Really interesting video. Most of the products looked like they were well designed but just like all of the stuff coming out of Detroit, why bother making concept products if you don't intend to actually build them?
If this is a glimpse of our technological future I don't think it will be coming courtesy of Microsoft. All they need to do for me is concentrate on actually delivering an operating system that I can use for a change. They need to stop the dreaming and show us some of the things that they are working on now.
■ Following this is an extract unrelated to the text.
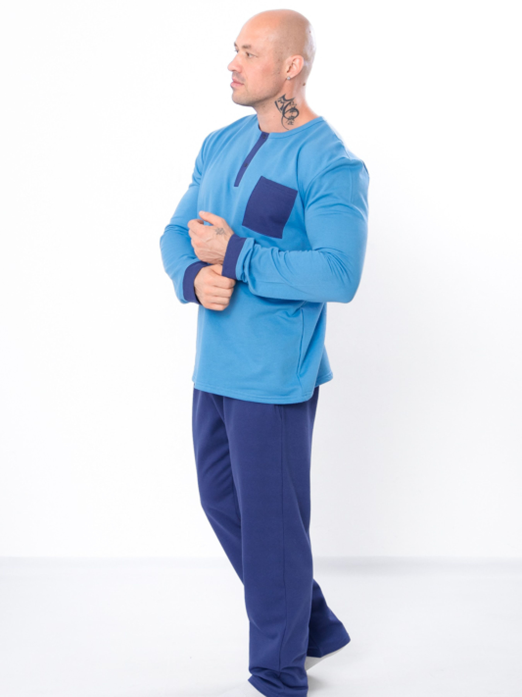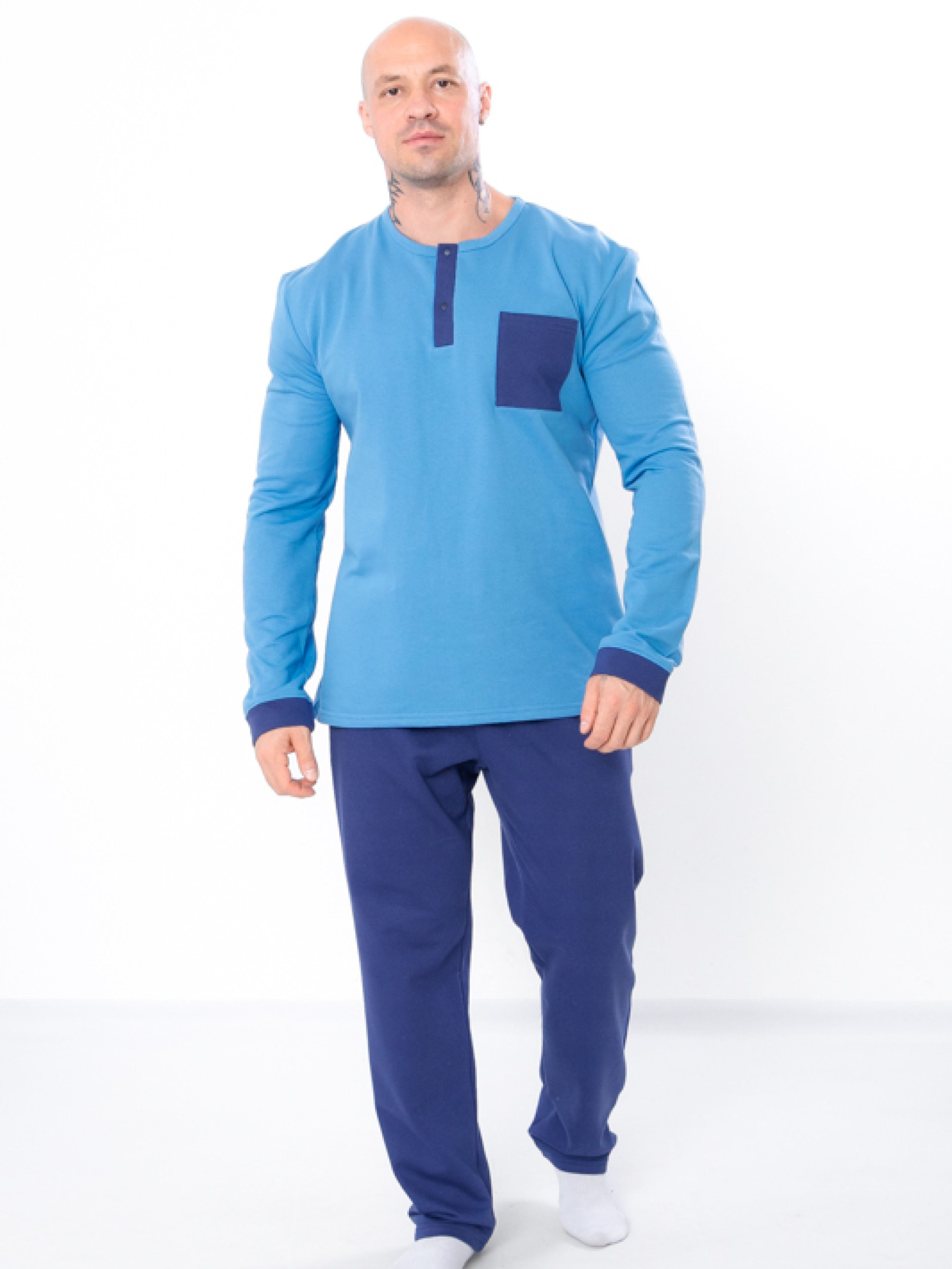 Полотно: начос однотонний Склад полотна: 100% бавовна Розмір: 46-58 Чоловіча піжама з м'якого однотонного і набивного начосу. У наборі - зручні штани на резинці, доповнені кишенями, і кофта з довгим рукавом. Кофта декорована кишенею на грудях, на планці застібається на кнопки. Якісний легкий матеріал забезпечить максимально комфортний і приємний сон. Стильний чоловічий комплект не тільки дуже зручний, але і виконаний в ефектному дизайні. Цей комплект добре підходить для сну і домашнього відпочинку.

I mean they have one main product, and its been a botched mess since XP.
If any company is going to deliver these kinds of solutions I think its going to be Google and Apple.
There are two ways to enable everything to talk in a slick manner like this: brutal monopoly, or open standards. As evidenced by this video the "new" Microsoft has all sorts of cool ideas, but I'm willing to bet they see the enabler the same way as the "old" microsoft. Brutal monopoly.
I don't understand why there's so much hate for Microsoft. There's much more to Microsoft than just Windows, Office, and Live Search. For one, I'm impressed by some of the stuff coming out of Microsoft Research that was shown at Techfest 2009, their internal research conference, in the last couple of days: [http://research.microsoft.com/en-us/events/techfest2009/vide...]
The main difficulty with this kind of vision is that people need to build a system to support it. It is not like a single company can make the devices, the software, the infastructure, the economic environment, the incentives, etc. So one must develop and establish rules and interoperability protocols. And this takes a lot of time.
Expressing the vision and trying to build parts of it (e.g. microsoft surface) does not hurt, though.
Making a concept video or having a group of talented people with a good vision doesn't mean the corporation is actually going to deliver on that vision. You can bet every big company has a load of talented people with great ideas and talent inside it. But the machinery and politics of the big company pretty much dictate the really groundbreaking ideas aren't going to make it out of the R&D lab.